◆ **WORK INSTRUCTION**:
Only the lines from the one holding "Kantor Isak Sandbäck" to the end of the data should be echoed, exactly as they appear, minus the pictures.

◆ **AVAILABLE DATA**:
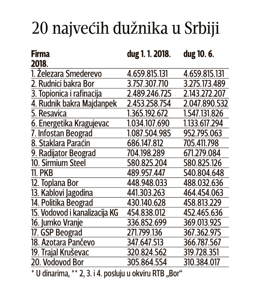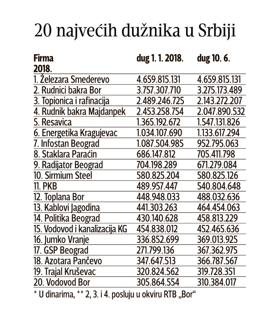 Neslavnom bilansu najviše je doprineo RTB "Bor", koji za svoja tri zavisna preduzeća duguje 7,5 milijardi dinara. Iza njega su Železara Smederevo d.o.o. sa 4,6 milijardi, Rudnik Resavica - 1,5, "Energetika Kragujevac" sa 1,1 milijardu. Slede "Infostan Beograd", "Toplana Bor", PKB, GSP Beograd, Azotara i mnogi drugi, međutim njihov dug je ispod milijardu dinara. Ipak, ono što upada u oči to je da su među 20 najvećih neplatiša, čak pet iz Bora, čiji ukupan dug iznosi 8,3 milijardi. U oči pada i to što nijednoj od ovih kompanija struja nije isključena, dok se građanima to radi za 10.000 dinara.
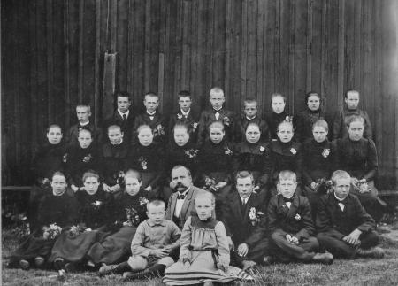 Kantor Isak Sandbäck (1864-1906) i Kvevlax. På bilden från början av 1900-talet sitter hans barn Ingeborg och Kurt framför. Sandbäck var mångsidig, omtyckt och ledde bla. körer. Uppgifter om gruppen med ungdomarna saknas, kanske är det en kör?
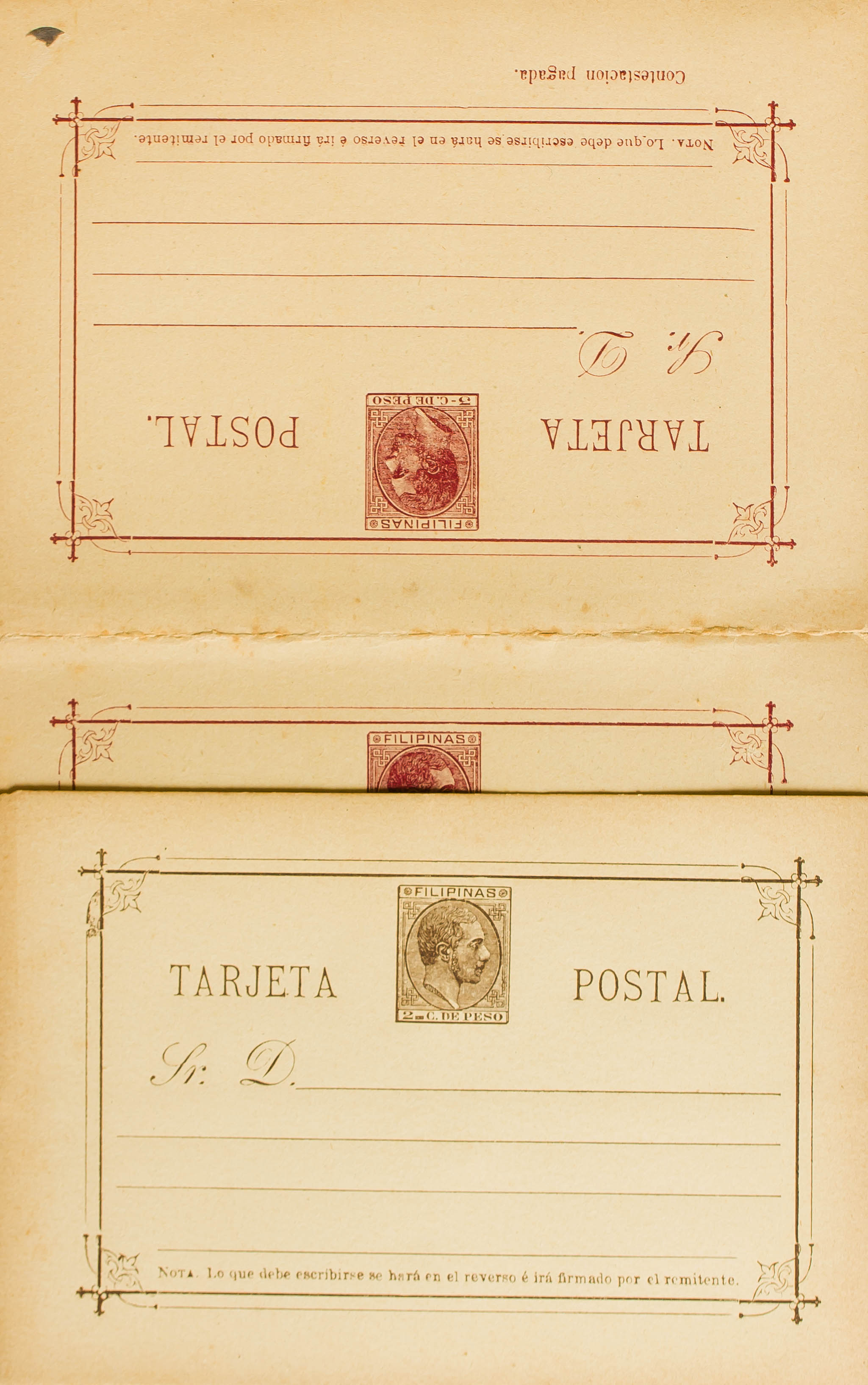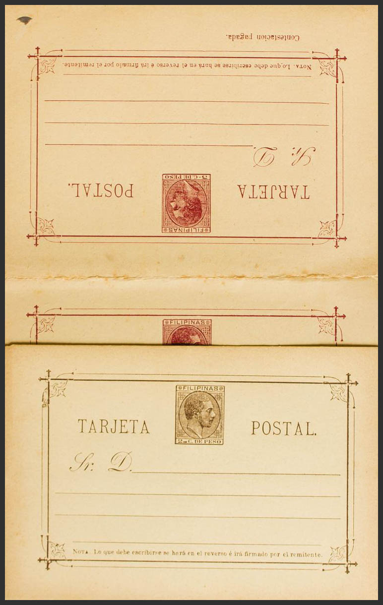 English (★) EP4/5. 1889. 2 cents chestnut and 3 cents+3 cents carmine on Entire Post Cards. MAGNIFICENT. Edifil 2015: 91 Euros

◆ **YOUR SOLUTION**:
 Kantor Isak Sandbäck (1864-1906) i Kvevlax. På bilden från början av 1900-talet sitter hans barn Ingeborg och Kurt framför. Sandbäck var mångsidig, omtyckt och ledde bla. körer. Uppgifter om gruppen med ungdomarna saknas, kanske är det en kör?
 English (★) EP4/5. 1889. 2 cents chestnut and 3 cents+3 cents carmine on Entire Post Cards. MAGNIFICENT. Edifil 2015: 91 Euros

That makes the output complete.